*WORK REQUEST*: How do the lines read from the one holding "Looking to improve" through the last line of the listing? Set them down exactly, pictures omitted.

*INPUT DATA*:

▬▬▬▬▬▬

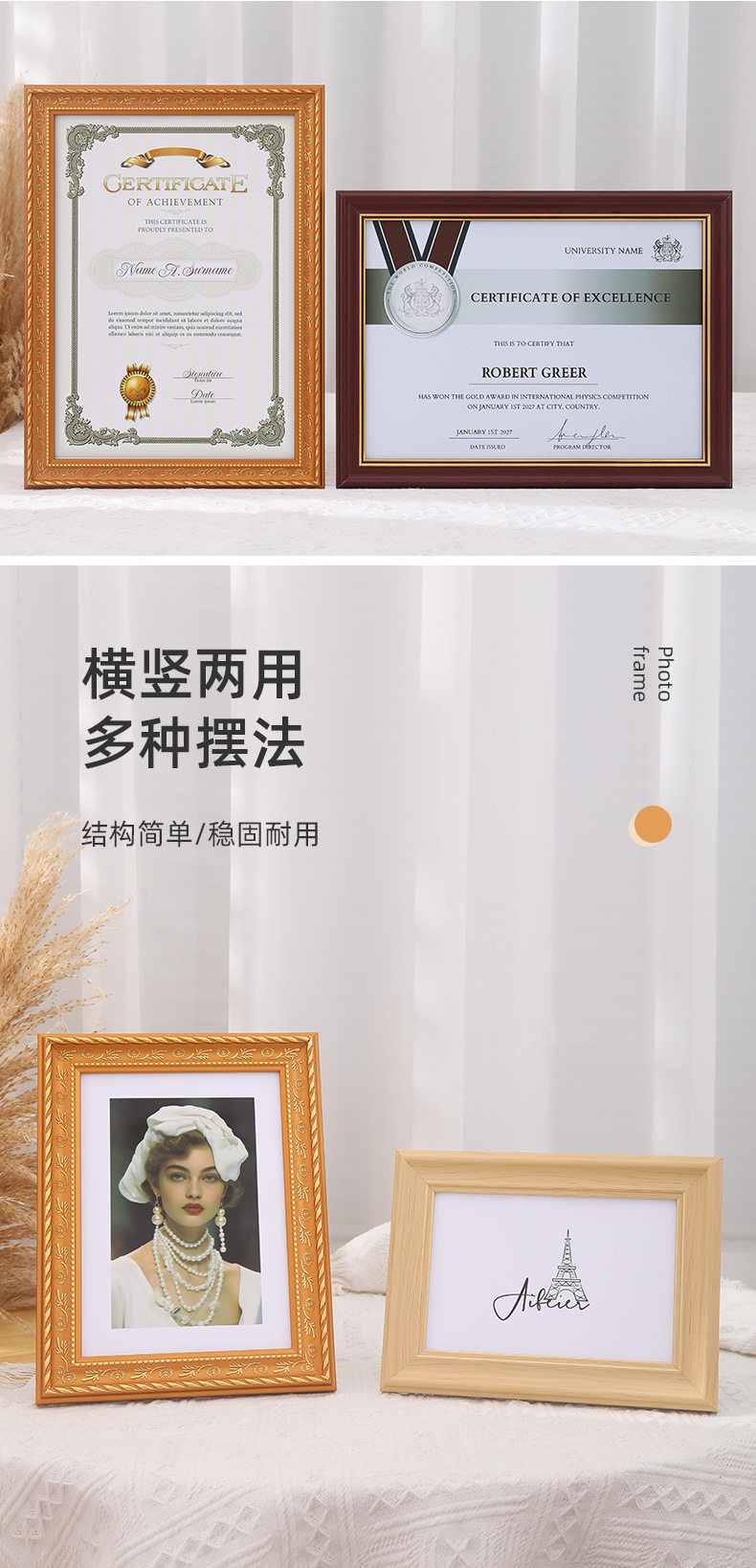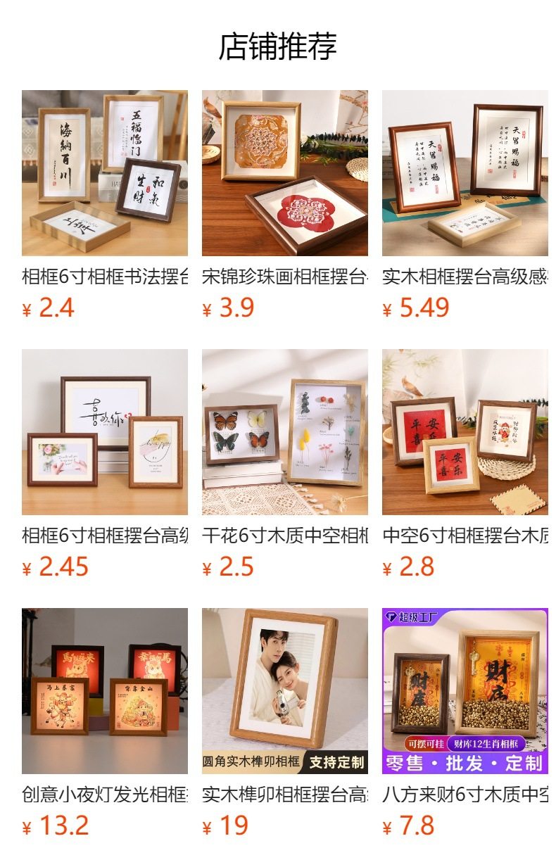 | Frame size | 5 inch size 9*13cm,6 inch size 10*15cm,7 inch size 13*18cm,8 inch size 15*20cm,10 inch size 20*25cm,A4 inner size 21*29.7cm,A3 inner size 29.7*42cm |
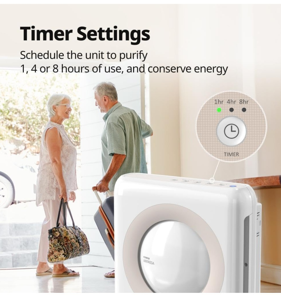 Looking to improve your air quality? I'm selling an Airmega Mighty AP-1512HH(W) air purifier. It features 3-stage filtration to trap 99.999% of nano-sized particles down to 0.01 microns. It's designed for rooms up to 361ft² and has an air quality indicator and timer settings.
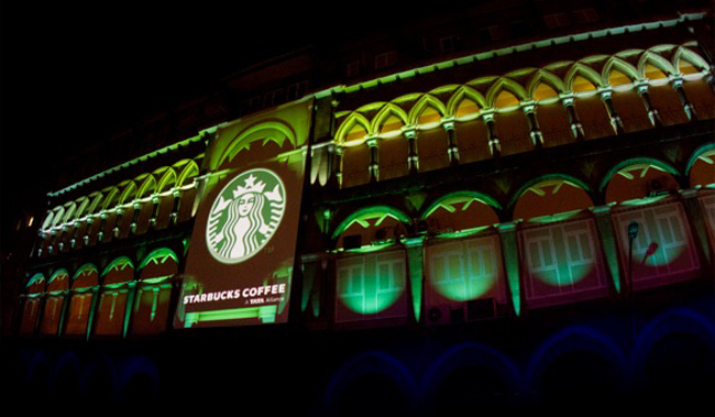 La popular cadena de cafeterías Starbucks recurrió a un impresionante video mapping desarrollado por la agencia holandesa NuFormer para la inauguración de su primera tienda en la India en el edificio Elphinstone, una histórica construcción en el sur de la ciudad de Mumbai.

▬▬▬▬▬▬

*RESULT*:
 Looking to improve your air quality? I'm selling an Airmega Mighty AP-1512HH(W) air purifier. It features 3-stage filtration to trap 99.999% of nano-sized particles down to 0.01 microns. It's designed for rooms up to 361ft² and has an air quality indicator and timer settings.
 La popular cadena de cafeterías Starbucks recurrió a un impresionante video mapping desarrollado por la agencia holandesa NuFormer para la inauguración de su primera tienda en la India en el edificio Elphinstone, una histórica construcción en el sur de la ciudad de Mumbai.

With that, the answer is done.